Reputation: 73
I have a topology using the processor api which updates a state store, configured with replication factor of 3, acks=ALL
Topologies:
Sub-topology: 0
Source: products-source (topics: [products])
--> products-processor
Processor: products-processor (stores: [products-store])
--> enriched-products-sink
<-- products-source
Sink: enriched-products-sink (topic: enriched.products)
<-- products-processor
My monitoring shows me very little lag for the source topic (< 100 records), however there is significant lag on the changelog topic backing the store, to the order of millions of records.
I'm trying to figure out the root cause of the lag on this changelog topic, as I'm not making any external requests in this processor. There are calls to rocksdb state stores, but these data stores are all local and should be fast in retrieving.
My question is what exactly is the consumer of this change log topic?
Upvotes: 3
Views: 1417
Reputation: 1418
The consumer of the changelog topics is the restore consumer. The restore consumer is a Kafka consumer that is build into Kafka Streams. In contrast to the main consumer that reads records from the source topic, the restore consumer is responsible for restoring the local state stores from the changelog topics in case the local state is not existent or out-of-date. Basically, it ensures that the local state stores recover after a failure. The second purpose of restore consumers is to keep stand-by tasks up-to-date.

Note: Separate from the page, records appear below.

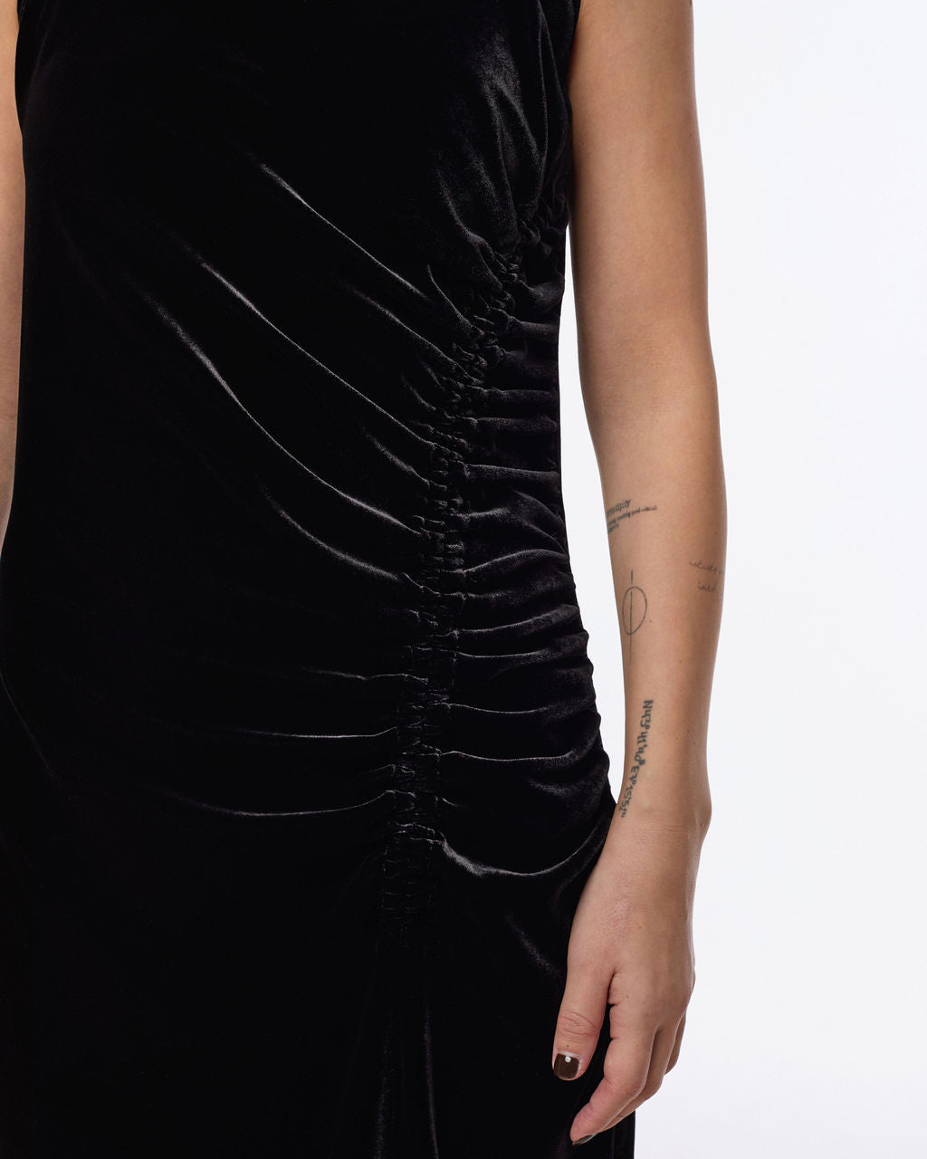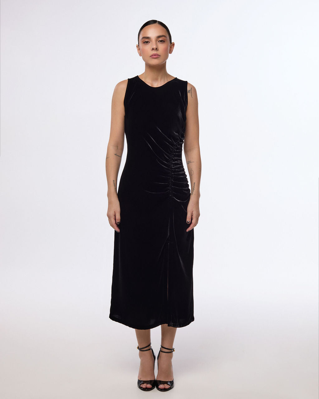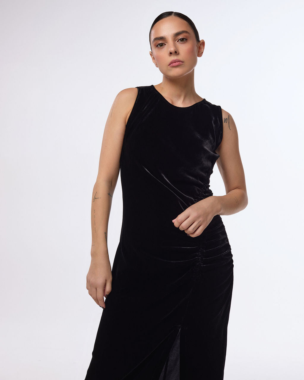 Melna, grezna zīda samta midi garuma kleita bez piedurknēm, kas rada elegantu un sievišķīgu siluetu, pateicoties drapērijai jostasvietā un šķēlumam priekšpusē. Aizdare aizmugurē ar rāvējslēdzēju.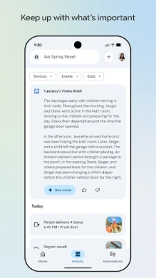 Визуализирайте случващото се пред и около дома си с несравнима яснота. Функцията за преглед на живо и подробна история на камерата в Google Home ви позволява безпроблемно да проследявате дейностите, които ви интересуват. А за едно наистина интелигентно изживяване, използвайте Gemini за Home. Просто изречете своите команди и желания, и наблюдавайте как устройствата ви се подчиняват, създавайки динамично и отзивчиво пространство, което се адаптира към вашите нужди.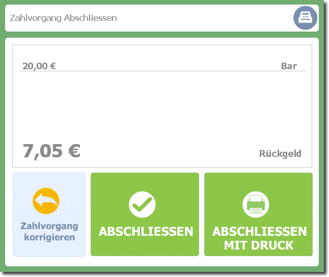 Das Rückgeld wird angezeigt und Sie können den Bon mit oder ohne Druck abschließen.

Each stream thread in a Kafka Streams client has one restore consumer. The restore consumer is not a member of a consumer group and Kafka Streams assigns changelog topics manually to restore consumer. The offsets of restore consumers are not managed in the consumer offset topic __consumer_offsets
as the offsets of the main consumer but in a file in the state store directory of a Kafka Streams client.
Upvotes: 2